◆ Prompt
The data below should be printed in full, exactly, and without any of its images.

◆ Recorded data
------------------------
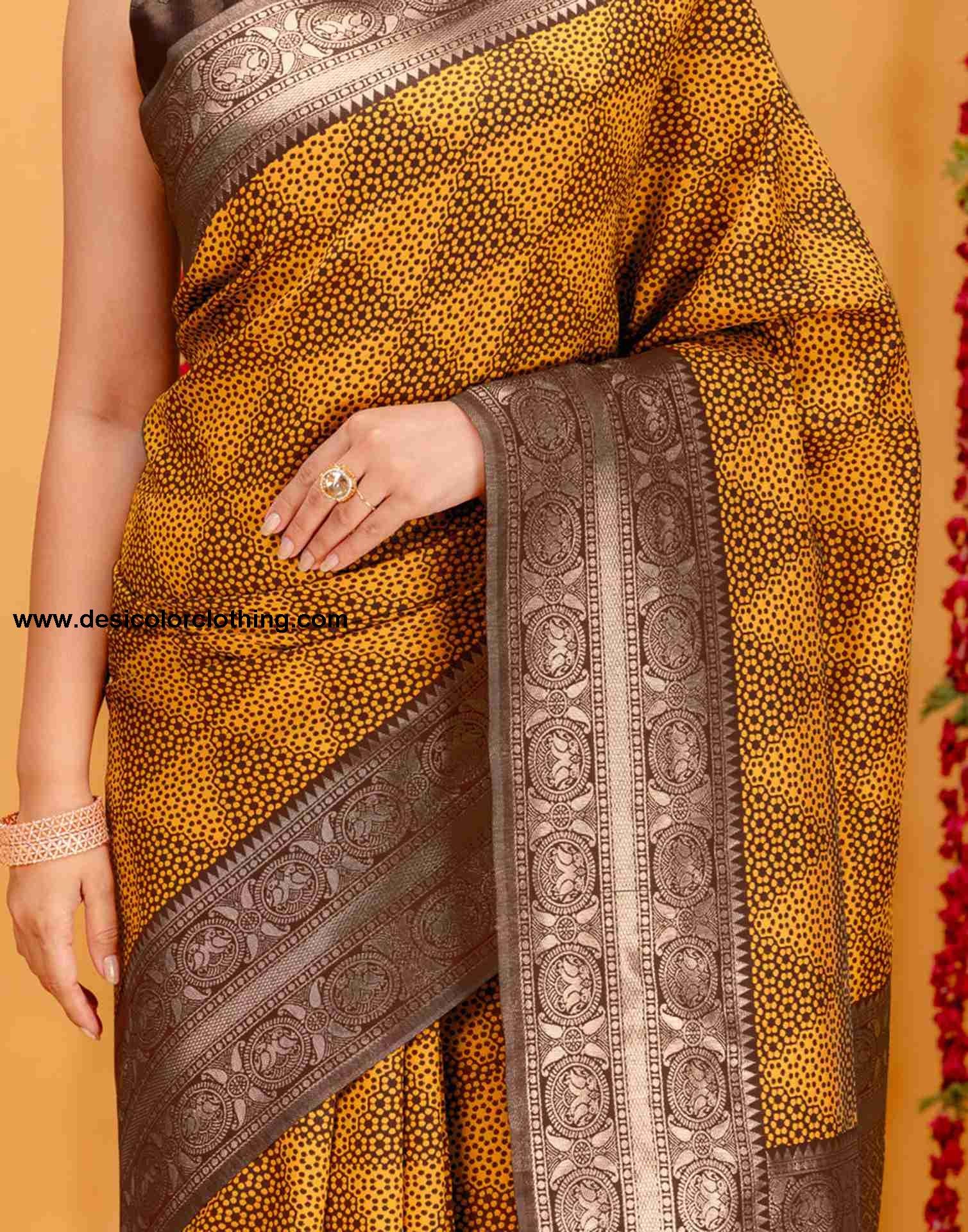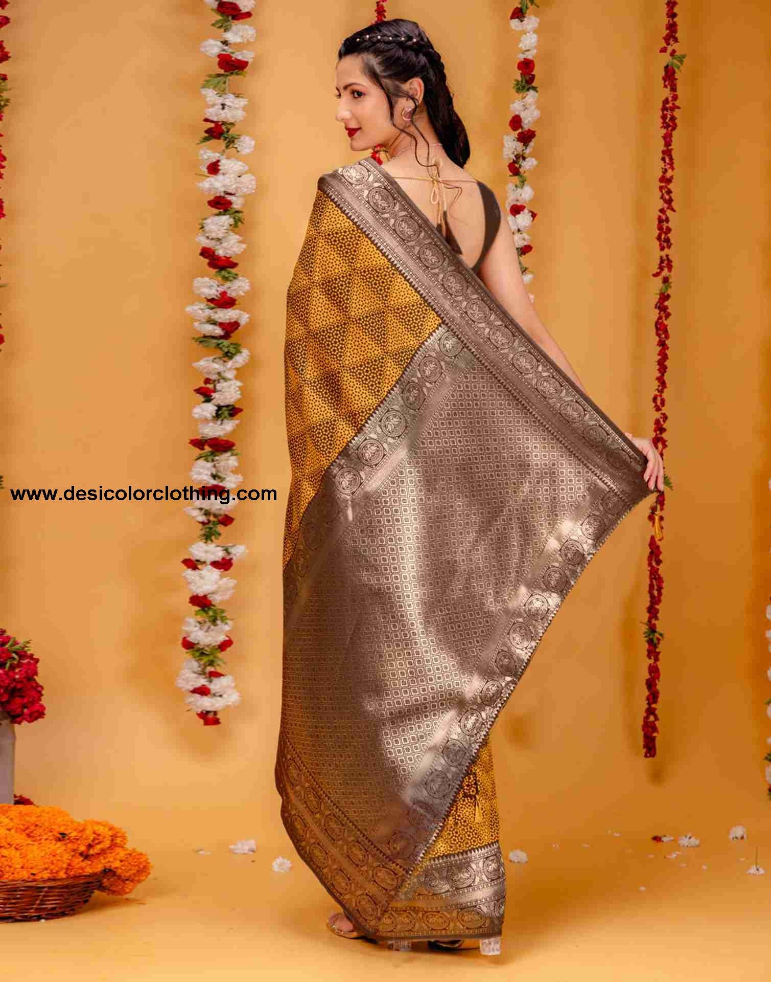 Blouse Color:Brown Blouse Fabric:Silk Blouse Length:0.80 Mtr Blouse Work:Plain, Woven Saree Color:Brown, Silver Saree Fabric:Banarasi Silk Saree Length:5.50 Mtr Saree Work:Woven, Woven
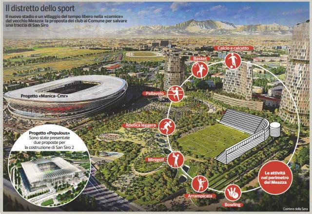 新球场蓝图1955年,圣西罗经历了一次大规模翻修,加盖了第二层看台,并呈现出如今所现的螺旋形结构,当时的建筑师阿尔曼多·隆卡不会想到,自己的项目会在近70年后的今天,以一种独特的方式影响新球场的项目计划。是的,“近”70年后。一个多月后的2025年11月10日,圣西罗二层看台的主要工程将会迎来完工70周年纪念,这意味着什么?倘若届时圣西罗依然是公共资产,它将会被纳入米兰大都会府相关机构的遗产保护名册,无法再被拆除。因此,米兰双雄和市政当局现在必须加紧日程:圣西罗球场和地皮的出售,必须要在11月10日之前完成并进行公证。接下来的40天里,两家俱乐部需要完成相关的一系列手续,并取得银行支持。如果一切顺利,米兰双雄选定的两家建筑事务所,将会开展新球场的具体设计工作。MANICA 有着丰富的体育场馆项目经验,设计过的项目包括新诺坎普和
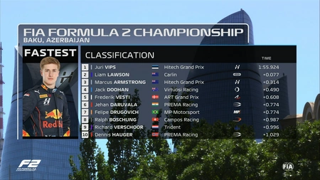 10 июня завершился свободный заезд Формулы-2, проходившей на Бакинском городском кольце в рамках Формулы-1 Гран-при Азербайджана.
------------------------
◆ Finished exercise
 Blouse Color:Brown Blouse Fabric:Silk Blouse Length:0.80 Mtr Blouse Work:Plain, Woven Saree Color:Brown, Silver Saree Fabric:Banarasi Silk Saree Length:5.50 Mtr Saree Work:Woven, Woven
 新球场蓝图1955年,圣西罗经历了一次大规模翻修,加盖了第二层看台,并呈现出如今所现的螺旋形结构,当时的建筑师阿尔曼多·隆卡不会想到,自己的项目会在近70年后的今天,以一种独特的方式影响新球场的项目计划。是的,“近”70年后。一个多月后的2025年11月10日,圣西罗二层看台的主要工程将会迎来完工70周年纪念,这意味着什么?倘若届时圣西罗依然是公共资产,它将会被纳入米兰大都会府相关机构的遗产保护名册,无法再被拆除。因此,米兰双雄和市政当局现在必须加紧日程:圣西罗球场和地皮的出售,必须要在11月10日之前完成并进行公证。接下来的40天里,两家俱乐部需要完成相关的一系列手续,并取得银行支持。如果一切顺利,米兰双雄选定的两家建筑事务所,将会开展新球场的具体设计工作。MANICA 有着丰富的体育场馆项目经验,设计过的项目包括新诺坎普和
 10 июня завершился свободный заезд Формулы-2, проходившей на Бакинском городском кольце в рамках Формулы-1 Гран-при Азербайджана.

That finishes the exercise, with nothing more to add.